のちにハイパーかもめ用の2次車も増備され、90両が出そろった。

アメニティ:☆☆☆
 この車両のアメニティの最大の特徴は、乗降扉とデッキを車体の中央に配置し、各車両の客室を前後に分割していることだ。
他社で同じ構造なのは、JR北海道のキロ改造のキロハ182と、E257系のサロハE257くらいしかない。これが他の一般的な車端部に乗降扉を設ける他の車両との大きな違いだ。
その理由は、1両の客室を2室にすることで、グリーン席と普通席、喫煙席と禁煙席、指定席と自由席とを必要に応じて柔軟に設定できるようにするためだ。
なお、分割した客室は下り方がA室、上り方がB室と呼ばれ、車内放送でもこのように案内されている。この構造のため、揺れの大きい車端部にも座席が設置されているのが難点。
 グリーン車は横3列、1200㎜ピッチ、普通車は960㎜ピッチでフットレストつき。
485系に比べれば格段の差だが、今日では当たり前のアメニティであるといえる。

経済性:☆☆
クロ782はクロハに改造されることが想定された構造になっており、実際B室は普通車化されたクロハ500番台になった。分割併合運転する現在の運用に即した改造にする時も、サハをクロハにするにあたり、2室に分けられた構造と1M方式が幸いし、搭載機器の最小限の変更で改造がなされている(ただし、クロハ782-407だけは、貫通構造にするため先頭部を付け替えている)。短編成での運用前提に改造をしやすいように初めから作られていた点に先見の明ありと言える。

利便性:☆☆☆
 貫通型先頭車を改造で登場させたことで、分割併合での運行を容易にしたことで、運用効率と利便性は大幅に向上したが、列車固有のゴテゴテとしたロゴを貼ったせいで、他の列車に充当されると誤乗の元となったため☆3つ。

ときめき度:☆☆
 登場時はステンレス無塗装に引き締まったコーポレートカラーの赤のラインが映えた洗練されたデザインが好きだったが、現在のブロック塗装になってからは、ゴテゴテしたケバい感じがぬぐえず、登場時ほどのときめきはない。
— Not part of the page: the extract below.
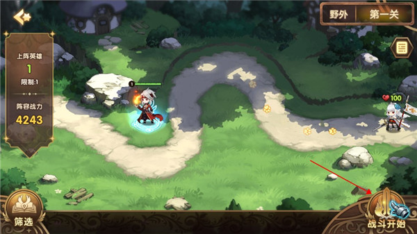 1、游戏开始,将英雄拖动到阵位上使其战斗。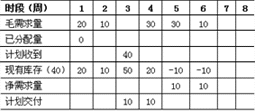 表1 產品A的需求量計算(產品A,提前期=2,批量=10)

なんでこうなってしもたんやろ?って感じ。

改善点
 短編成で就役するという本来の目的は達しているものの、ゴテゴテと列車名ロゴがあると、そのほかの列車に運用すると誤乗を気にしなければならなくなるので、元のデザインベースに戻したほうがすっきりすると思うのだが…。後継車両(787系、883系、885系、新幹線)も続々と出てきているわけだし…。